__WHAT YOU HAVE TO DO__: Emit a verbatim copy of the lines below from the line with "File Diff Modal: Data Tab" through the line with "Jugosos trozos de", excluding pictures and everything outside that range.

__THE DATA__:

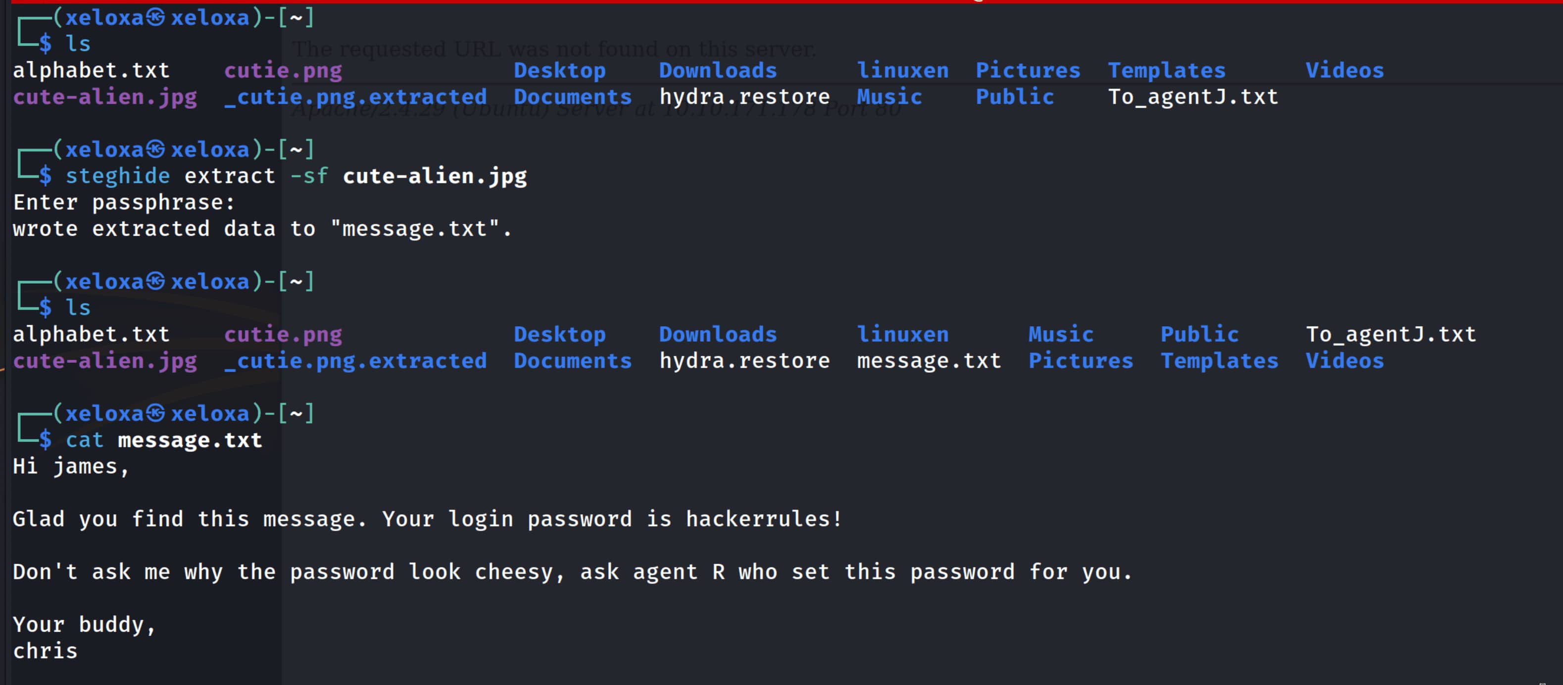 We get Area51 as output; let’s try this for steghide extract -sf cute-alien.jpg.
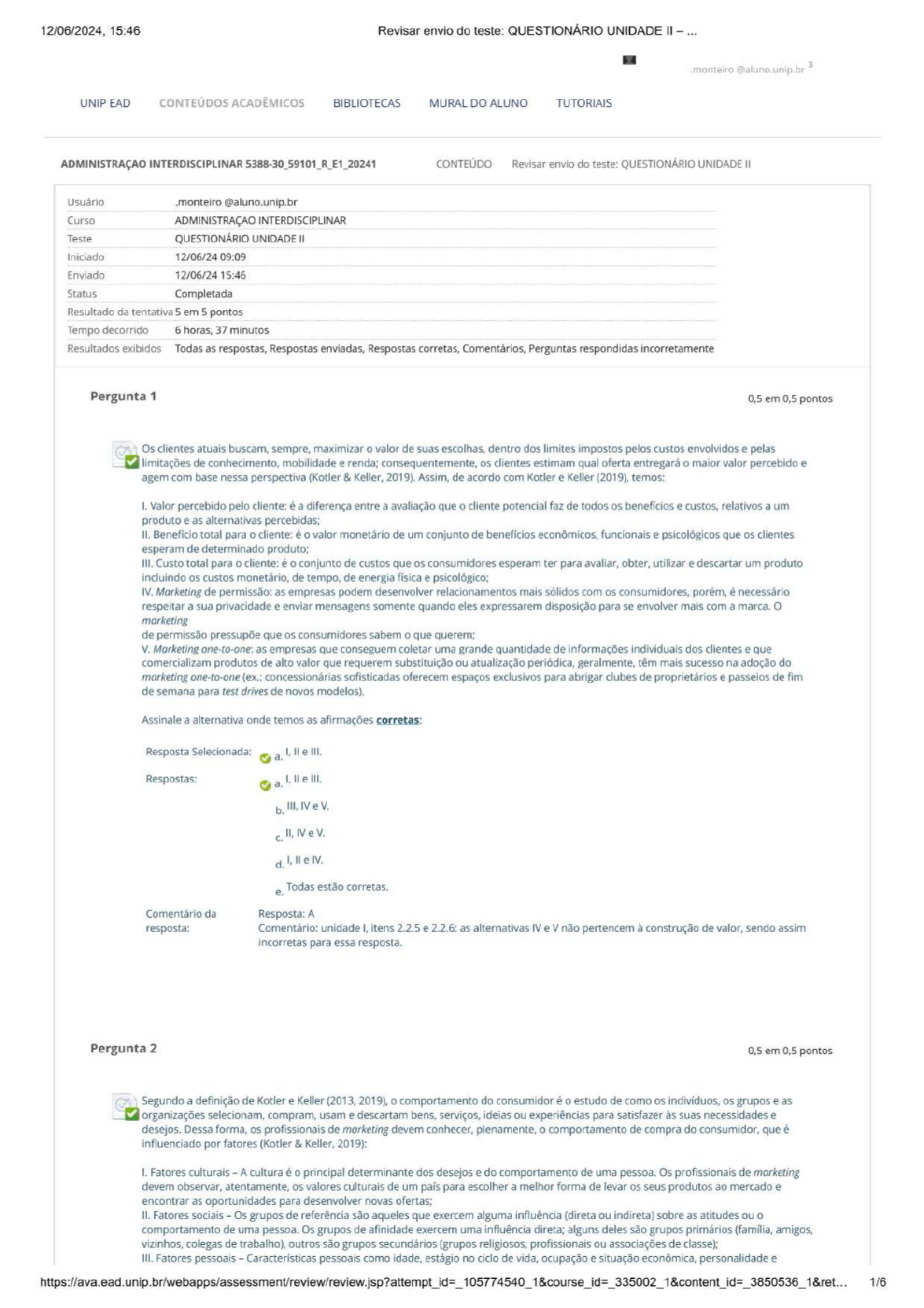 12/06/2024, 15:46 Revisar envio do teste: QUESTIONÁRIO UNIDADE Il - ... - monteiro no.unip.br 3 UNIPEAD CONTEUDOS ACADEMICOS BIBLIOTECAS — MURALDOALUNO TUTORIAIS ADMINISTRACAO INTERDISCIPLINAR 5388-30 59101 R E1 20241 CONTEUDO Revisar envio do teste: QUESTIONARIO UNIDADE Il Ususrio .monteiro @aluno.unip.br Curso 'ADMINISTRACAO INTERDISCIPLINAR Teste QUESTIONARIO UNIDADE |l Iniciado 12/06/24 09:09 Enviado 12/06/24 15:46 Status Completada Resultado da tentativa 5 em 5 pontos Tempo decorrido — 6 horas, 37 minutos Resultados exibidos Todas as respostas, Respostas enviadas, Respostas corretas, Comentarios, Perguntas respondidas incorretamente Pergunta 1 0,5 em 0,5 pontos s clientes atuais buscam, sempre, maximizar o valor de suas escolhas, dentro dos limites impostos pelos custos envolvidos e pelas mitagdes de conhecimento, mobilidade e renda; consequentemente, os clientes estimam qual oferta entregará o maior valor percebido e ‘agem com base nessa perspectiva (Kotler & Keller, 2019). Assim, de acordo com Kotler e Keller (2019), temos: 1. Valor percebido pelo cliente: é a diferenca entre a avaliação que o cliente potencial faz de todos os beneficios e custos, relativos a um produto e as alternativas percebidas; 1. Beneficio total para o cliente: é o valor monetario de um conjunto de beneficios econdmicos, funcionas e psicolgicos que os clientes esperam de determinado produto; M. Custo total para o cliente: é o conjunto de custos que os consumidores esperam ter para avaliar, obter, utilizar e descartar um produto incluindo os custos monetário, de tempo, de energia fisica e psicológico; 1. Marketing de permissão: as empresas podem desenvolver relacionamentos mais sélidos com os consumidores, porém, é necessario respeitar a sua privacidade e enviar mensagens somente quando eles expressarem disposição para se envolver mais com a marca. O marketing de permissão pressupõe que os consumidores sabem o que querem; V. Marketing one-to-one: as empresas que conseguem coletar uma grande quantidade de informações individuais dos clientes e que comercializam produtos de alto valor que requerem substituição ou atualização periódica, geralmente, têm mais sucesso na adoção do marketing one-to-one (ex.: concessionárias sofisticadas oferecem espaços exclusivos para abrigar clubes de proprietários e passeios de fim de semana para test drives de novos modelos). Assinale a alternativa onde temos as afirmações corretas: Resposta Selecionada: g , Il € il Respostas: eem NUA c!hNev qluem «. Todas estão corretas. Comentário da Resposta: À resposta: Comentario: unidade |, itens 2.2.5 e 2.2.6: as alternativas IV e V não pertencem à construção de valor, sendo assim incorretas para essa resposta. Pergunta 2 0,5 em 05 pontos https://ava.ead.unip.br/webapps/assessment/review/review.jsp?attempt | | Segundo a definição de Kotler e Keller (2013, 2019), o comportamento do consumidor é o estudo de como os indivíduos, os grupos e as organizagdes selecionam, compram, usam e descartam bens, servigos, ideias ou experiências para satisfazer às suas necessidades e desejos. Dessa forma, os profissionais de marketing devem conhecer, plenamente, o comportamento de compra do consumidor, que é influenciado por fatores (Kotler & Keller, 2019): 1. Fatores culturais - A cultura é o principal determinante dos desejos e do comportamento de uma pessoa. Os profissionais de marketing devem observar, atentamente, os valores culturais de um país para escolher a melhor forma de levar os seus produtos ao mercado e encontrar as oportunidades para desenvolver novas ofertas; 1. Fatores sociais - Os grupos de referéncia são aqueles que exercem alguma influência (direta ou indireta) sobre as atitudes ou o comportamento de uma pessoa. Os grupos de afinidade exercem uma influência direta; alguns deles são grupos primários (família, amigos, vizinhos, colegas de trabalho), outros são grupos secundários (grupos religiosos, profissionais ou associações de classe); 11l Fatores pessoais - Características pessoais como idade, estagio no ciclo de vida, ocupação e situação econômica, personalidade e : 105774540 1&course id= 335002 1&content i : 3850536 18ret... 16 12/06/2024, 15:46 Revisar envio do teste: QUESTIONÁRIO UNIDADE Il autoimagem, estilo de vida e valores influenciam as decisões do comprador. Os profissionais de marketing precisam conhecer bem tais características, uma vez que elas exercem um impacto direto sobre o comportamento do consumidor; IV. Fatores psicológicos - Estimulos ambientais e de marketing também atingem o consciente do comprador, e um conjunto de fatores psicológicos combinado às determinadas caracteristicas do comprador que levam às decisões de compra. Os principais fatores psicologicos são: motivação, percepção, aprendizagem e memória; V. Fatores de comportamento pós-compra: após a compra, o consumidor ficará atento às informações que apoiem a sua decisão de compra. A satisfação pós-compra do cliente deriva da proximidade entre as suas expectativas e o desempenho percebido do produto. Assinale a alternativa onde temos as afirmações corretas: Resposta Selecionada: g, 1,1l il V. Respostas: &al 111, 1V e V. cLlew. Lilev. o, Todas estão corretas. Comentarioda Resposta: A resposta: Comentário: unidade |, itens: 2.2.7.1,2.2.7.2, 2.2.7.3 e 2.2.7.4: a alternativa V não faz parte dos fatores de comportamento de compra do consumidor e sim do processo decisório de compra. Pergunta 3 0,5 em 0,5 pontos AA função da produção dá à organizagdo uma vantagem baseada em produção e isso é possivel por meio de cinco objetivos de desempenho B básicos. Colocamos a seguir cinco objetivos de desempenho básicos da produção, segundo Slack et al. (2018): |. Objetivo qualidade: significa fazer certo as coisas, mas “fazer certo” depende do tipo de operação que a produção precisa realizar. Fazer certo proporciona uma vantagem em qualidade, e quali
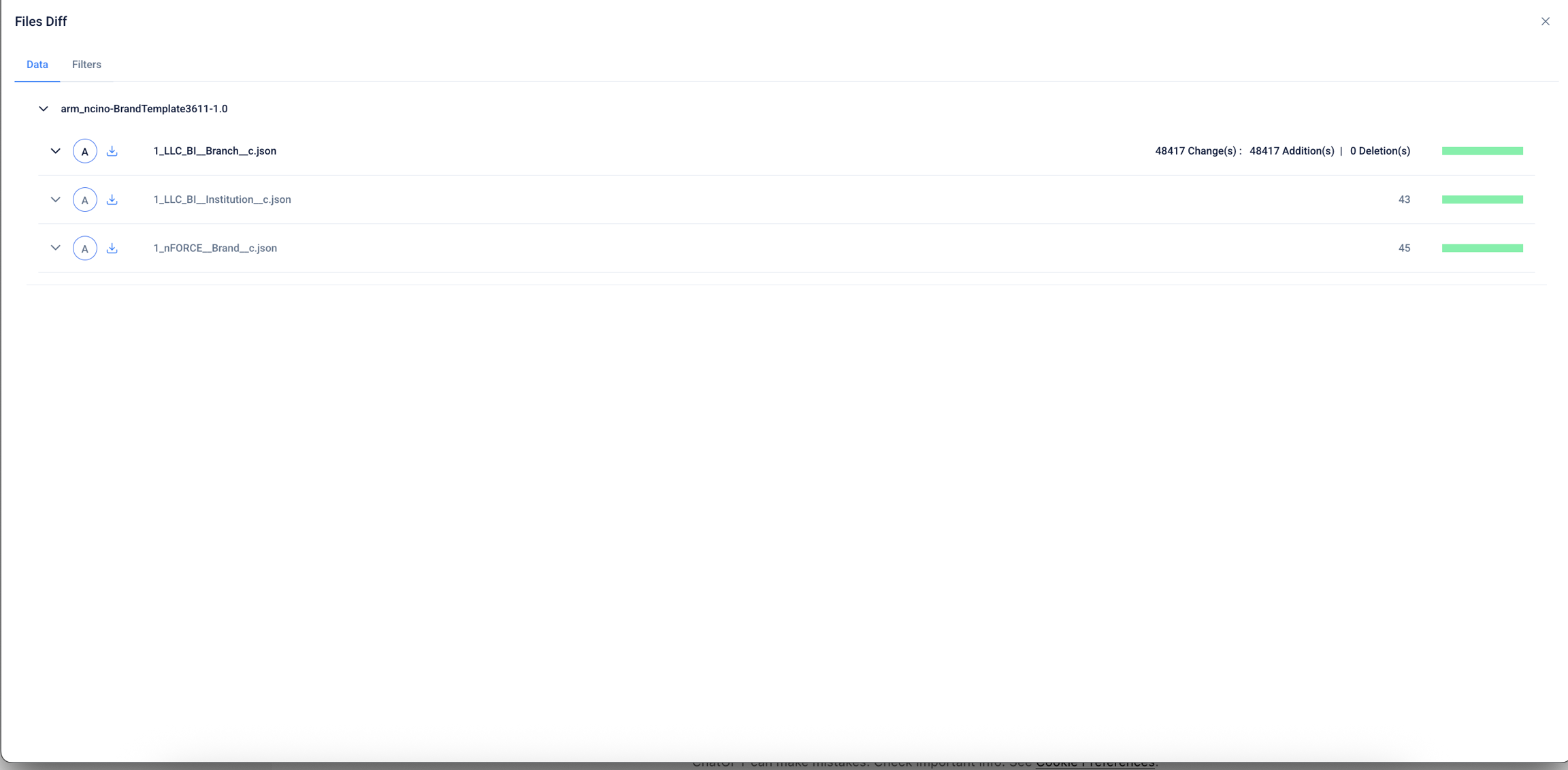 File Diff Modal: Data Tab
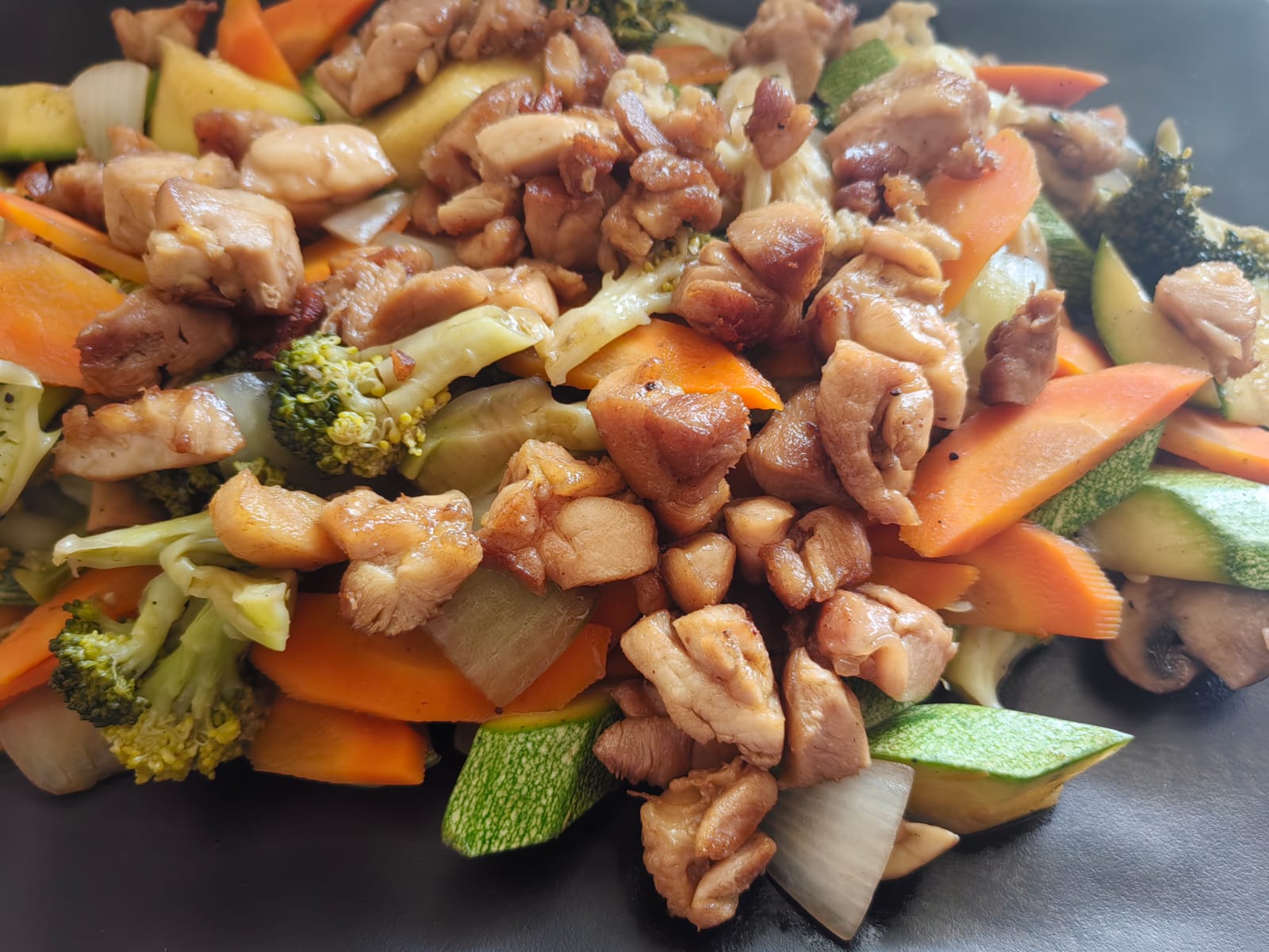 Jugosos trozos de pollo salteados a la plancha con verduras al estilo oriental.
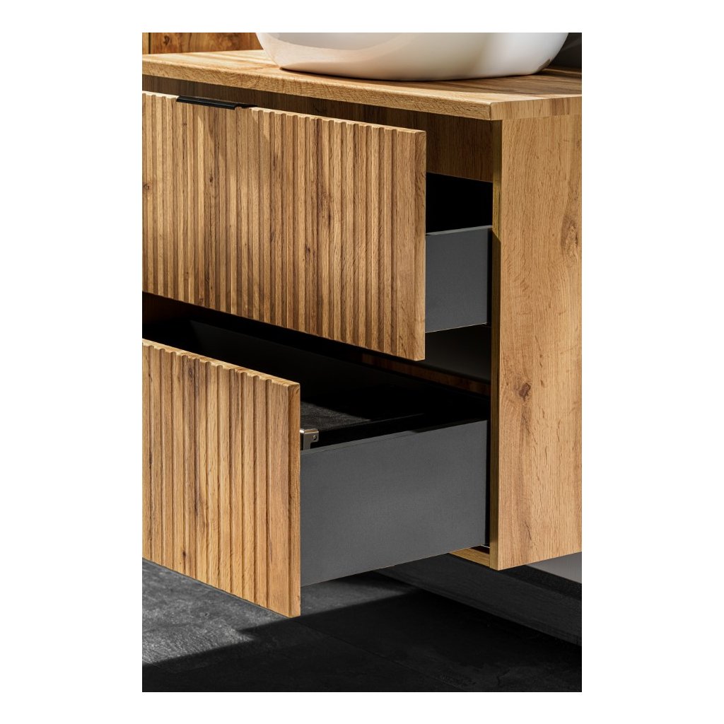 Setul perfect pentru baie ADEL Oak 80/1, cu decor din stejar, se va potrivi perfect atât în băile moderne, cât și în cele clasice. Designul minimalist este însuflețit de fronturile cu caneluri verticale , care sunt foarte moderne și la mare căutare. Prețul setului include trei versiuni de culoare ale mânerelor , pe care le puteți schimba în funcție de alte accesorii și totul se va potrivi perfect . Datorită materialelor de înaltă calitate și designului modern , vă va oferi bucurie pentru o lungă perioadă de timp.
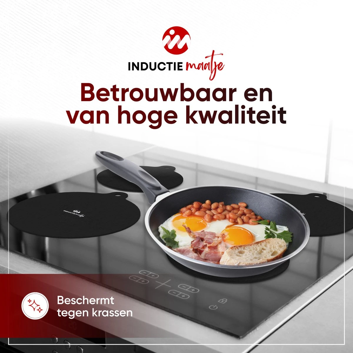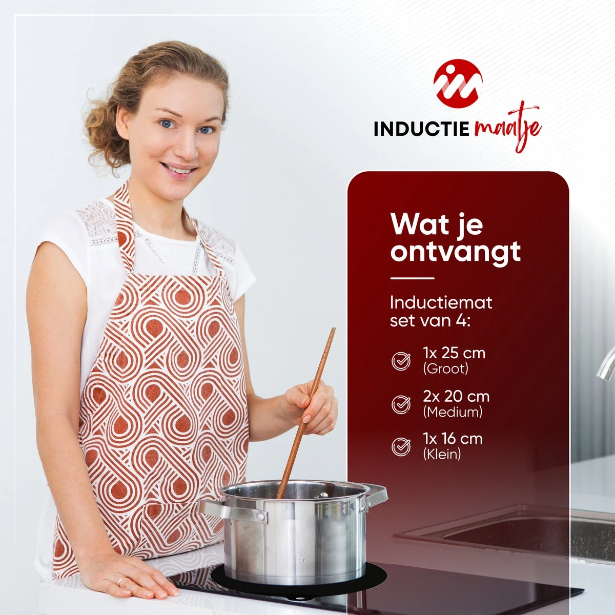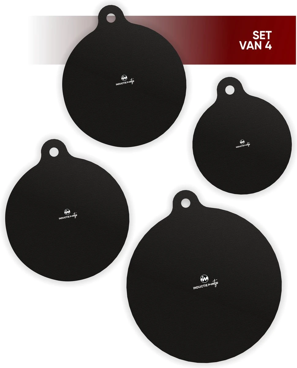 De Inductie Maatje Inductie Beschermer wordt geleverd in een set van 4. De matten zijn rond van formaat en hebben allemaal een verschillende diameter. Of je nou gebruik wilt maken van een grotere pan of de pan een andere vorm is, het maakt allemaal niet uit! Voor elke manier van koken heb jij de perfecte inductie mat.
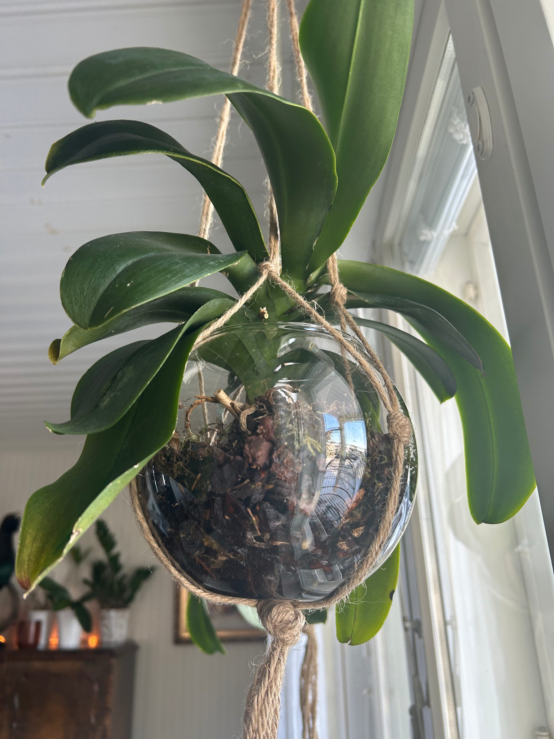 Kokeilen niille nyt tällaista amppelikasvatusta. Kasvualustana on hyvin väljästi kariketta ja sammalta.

__RESPONSE BELOW__:
 File Diff Modal: Data Tab
 Jugosos trozos de pollo salteados a la plancha con verduras al estilo oriental.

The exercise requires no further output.